_Your instructions_
When you return the lines below, go from the first through the line with "Андрис Спрудс встретился", keep them exact, and leave out every picture.

_Supplied material_
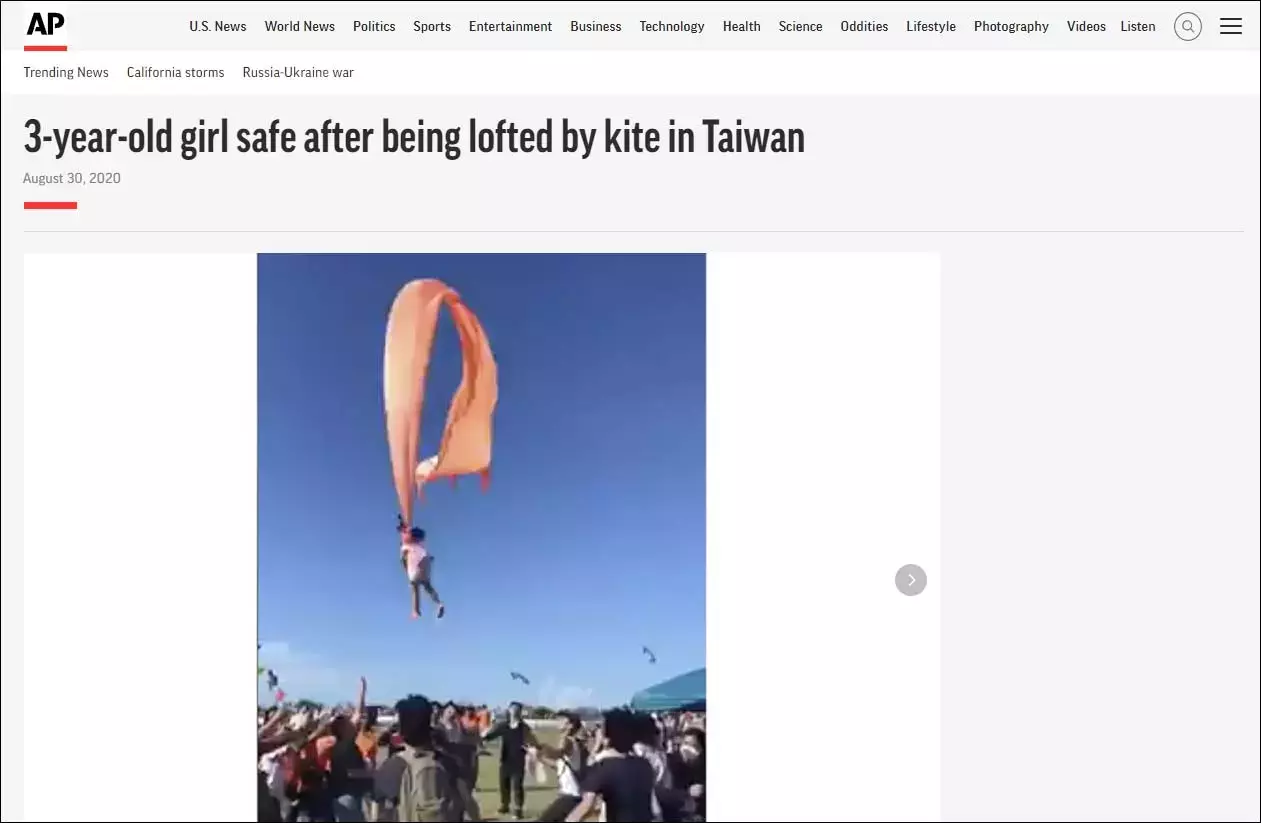 ২০২০ সালের ভিডিওটিতে তাইওয়ানের ঘুড়ি উৎসবে বিরাট এক ঘুড়ির সঙ্গে জড়িয়ে গেলে ৩ বছরের শিশুকে ওপরে উঠে যেতে দেখা যায়।
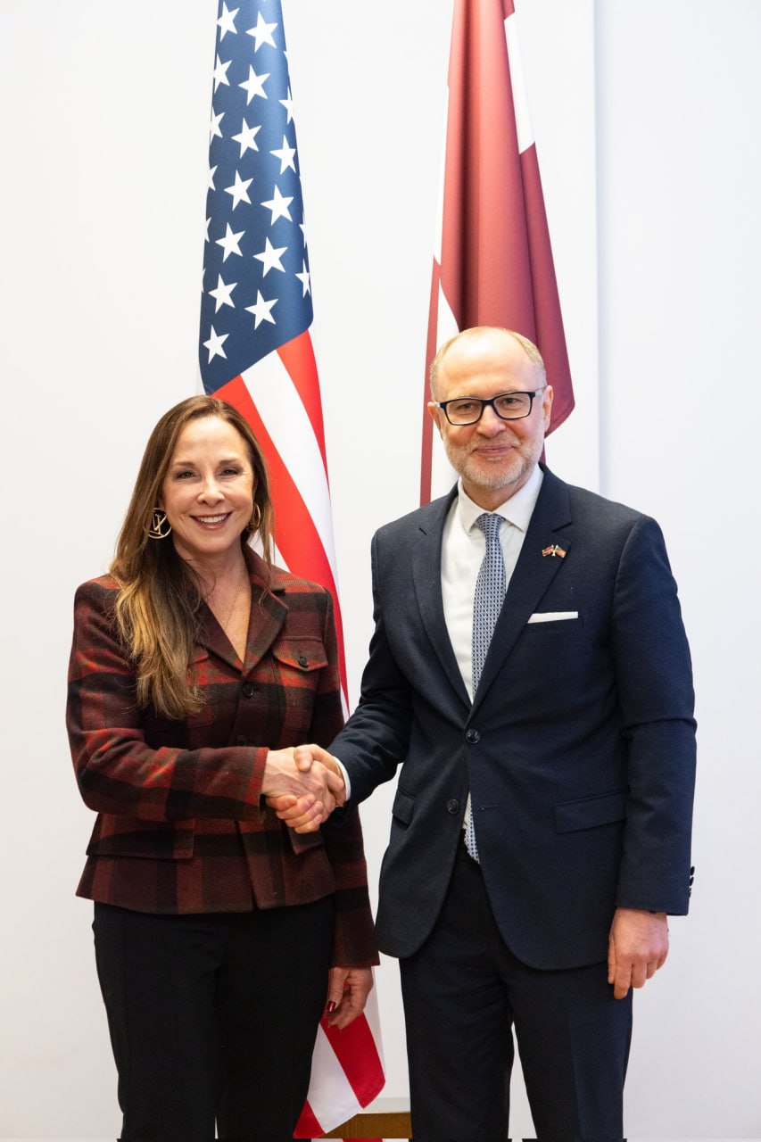 Андрис Спрудс встретился с американским послом Мелиссой Аргирос для обсуждения "латвийско-американского сотрудничества в области обороны и инициатив по укреплению региональной безопасности".
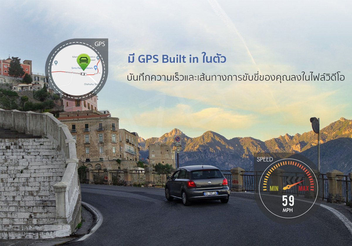 GPS สามารถบันทึกความเร็วและเส้นทางการขับขี่ของคุณลงในไฟล์วิดีโอ ซึ่งผู้ใช้จะสามารถเห็นข้อมูลเหล่านี้เมื่อเปิดดูไฟล์ย้อนหลัง(payback) นอกจากนี้ GPS ยังซิ้งข้อมูลกับดาวเทียม เพื่อตั้งวันที่และเวลาในกล้องให้แสดงบนไฟล์วิดีโอให้ตรงอัตโนมัติตลอดเวลา

_Completed task_
 ২০২০ সালের ভিডিওটিতে তাইওয়ানের ঘুড়ি উৎসবে বিরাট এক ঘুড়ির সঙ্গে জড়িয়ে গেলে ৩ বছরের শিশুকে ওপরে উঠে যেতে দেখা যায়।
 Андрис Спрудс встретился с американским послом Мелиссой Аргирос для обсуждения "латвийско-американского сотрудничества в области обороны и инициатив по укреплению региональной безопасности".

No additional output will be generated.